### INSTRUCTIONS TO FOLLOW
Please copy exactly the part of the records below that opens with the line containing "Wyznacz średnią arytmetyczną" and closes with the line containing "Элемент проходной Krovent", leaving out any pictures.

### INPUT DATA
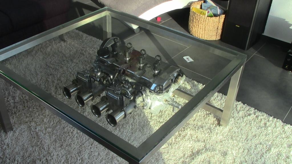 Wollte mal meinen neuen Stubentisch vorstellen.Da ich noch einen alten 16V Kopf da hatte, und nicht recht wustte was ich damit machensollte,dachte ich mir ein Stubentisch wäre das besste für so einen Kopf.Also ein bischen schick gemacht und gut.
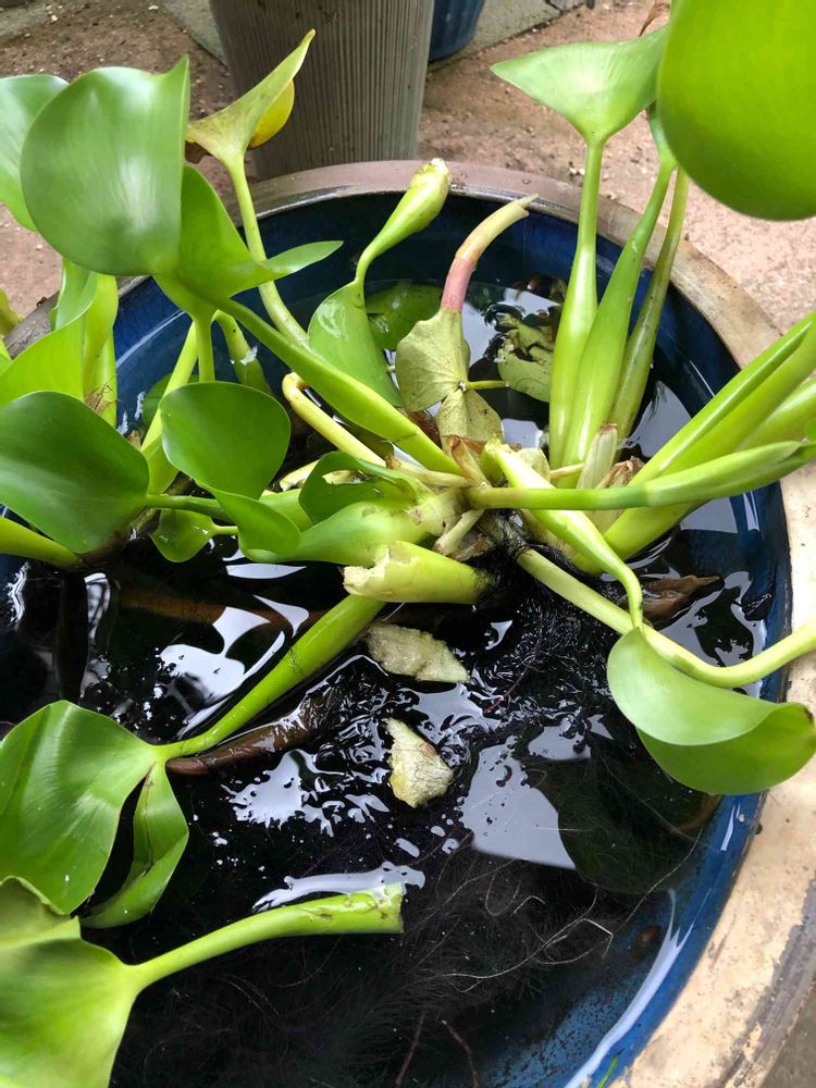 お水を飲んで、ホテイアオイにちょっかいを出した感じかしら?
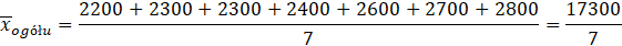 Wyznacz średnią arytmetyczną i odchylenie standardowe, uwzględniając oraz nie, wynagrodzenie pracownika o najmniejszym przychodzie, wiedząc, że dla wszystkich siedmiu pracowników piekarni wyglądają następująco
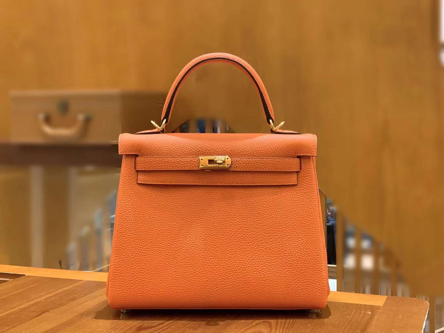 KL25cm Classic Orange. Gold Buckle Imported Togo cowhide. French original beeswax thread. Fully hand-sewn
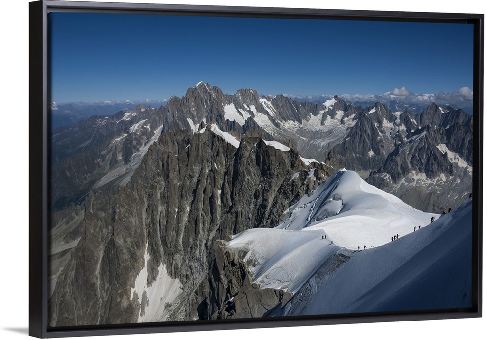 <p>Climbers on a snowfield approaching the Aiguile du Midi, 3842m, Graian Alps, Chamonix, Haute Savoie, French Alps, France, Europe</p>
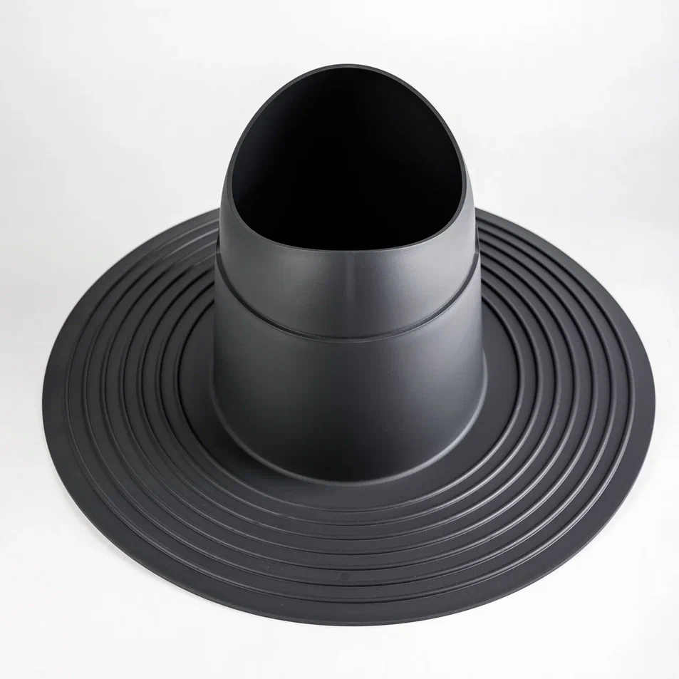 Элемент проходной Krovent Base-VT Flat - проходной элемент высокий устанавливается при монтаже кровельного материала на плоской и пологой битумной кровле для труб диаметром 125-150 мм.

---

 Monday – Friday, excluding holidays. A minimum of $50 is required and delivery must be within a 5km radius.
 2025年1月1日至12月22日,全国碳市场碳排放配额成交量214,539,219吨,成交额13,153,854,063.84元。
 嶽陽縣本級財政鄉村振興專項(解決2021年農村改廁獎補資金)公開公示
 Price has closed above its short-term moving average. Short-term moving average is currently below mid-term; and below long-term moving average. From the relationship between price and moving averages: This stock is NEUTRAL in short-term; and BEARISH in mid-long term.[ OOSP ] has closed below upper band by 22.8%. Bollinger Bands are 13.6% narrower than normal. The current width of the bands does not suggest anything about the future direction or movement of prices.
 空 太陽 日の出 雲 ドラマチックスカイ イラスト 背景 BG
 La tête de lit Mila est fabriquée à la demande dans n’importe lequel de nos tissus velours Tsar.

### SOLUTION TO THE EXERCISE
 Wyznacz średnią arytmetyczną i odchylenie standardowe, uwzględniając oraz nie, wynagrodzenie pracownika o najmniejszym przychodzie, wiedząc, że dla wszystkich siedmiu pracowników piekarni wyglądają następująco
 KL25cm Classic Orange. Gold Buckle Imported Togo cowhide. French original beeswax thread. Fully hand-sewn
 <p>Climbers on a snowfield approaching the Aiguile du Midi, 3842m, Graian Alps, Chamonix, Haute Savoie, French Alps, France, Europe</p>
 Элемент проходной Krovent Base-VT Flat - проходной элемент высокий устанавливается при монтаже кровельного материала на плоской и пологой битумной кровле для труб диаметром 125-150 мм.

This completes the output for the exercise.